Kodak easy share z1275 is not up to the standards

July 22nd, 2008 - 12:36 am ICT by David M N James  

Kodak now has three 12-megapixel models in its compact camera range the EasyShare Z1275.

It has a higher resolution version of the 8-megapixel Z885. The Z1275 also has a 5x zoom, f/2.8-5.1 Schneider-Kreuznach Variogon lens, a 2.5-inch LCD monitor and optional manual exposure. Kodak Z1275 is big and heavy hand equipment measuring a substantial 89.5 × 64.5 × 31.6 mm and weighs 161g without batteries. It runs a pair of AA cells, as such weighs a gross weight of 210g.

Its plastic and not very comfortable when in the shirt pocket. Kodak Z1275 lacks some key features spotted by major competitors like Sony. It has a longer-than-average 5x zoom lens with a telephoto end equivalent to 175mm, but unlike most recent cameras with longer lenses it has no mechanical image stabilization, only a so-called “digital image stabilization” system, meaning it hits on the ISO setting to 1600, with image noise problems.
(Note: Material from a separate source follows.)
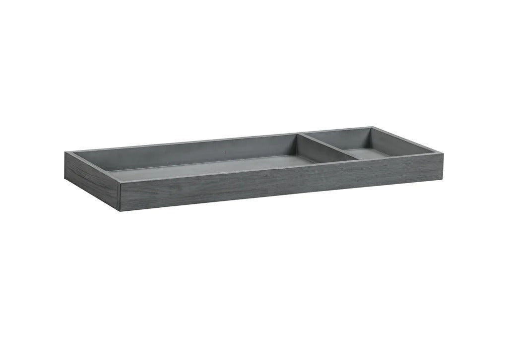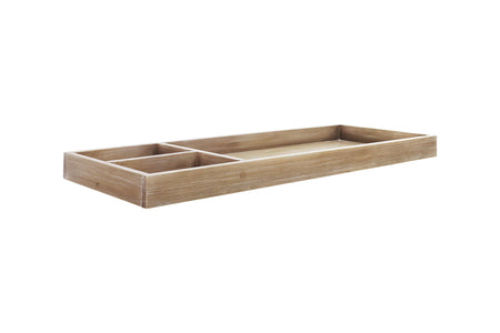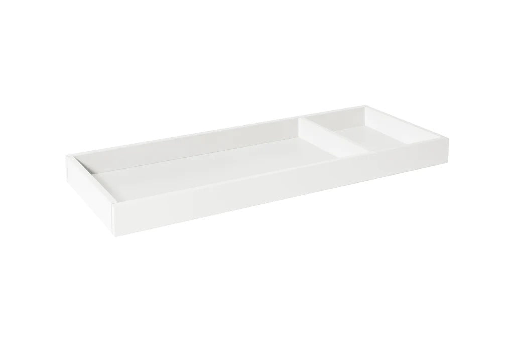 The Namesake Removable Top Changer  attaches to the top of your Double Dresser and allows it to be used as your baby changing station. The Namesake Removable Tray has three compartments, this tray will seamlessly convert your baby's dresser into a changing station that can keep your changing necessities close at hand. The changing tray securely affixes to your Namesake double-wide dresser with safety brackets that are concealed in the back of the dresser. Once you are out of the diaper-changing stage, the tray can be easily removed to allow your dresser to grow with your child.

This plastic thing has no face detection technology but has a 2.5-inch monitor screen with a 115k pixels resolution. Kodak Z1275 has a degree of manual control, but the manual exposure mode allows only three possible aperture settings (minimum, maximum and a mid-point) and the shutter has a maximum speed of only 1/1000th of a second. It has optional manual focus with automatic monitor magnification, but with such a low-res monitor it is a rather way off or rather trial and error thing. Ok, it has a video which can shoot 1280 x 768 resolution at 30 frames a second, compatible with the high definition (HD) television standard.

But the guys at Kodak did the unthinkable; they made the zoom lens usable during video shooting, though the zoom motor can be clearly heard on the soundtrack. There is a 1 gigabyte memory card which allows only 14.5 minutes of video shooting and with this type of a low end thing you have slightly over 29 minutes of shooting.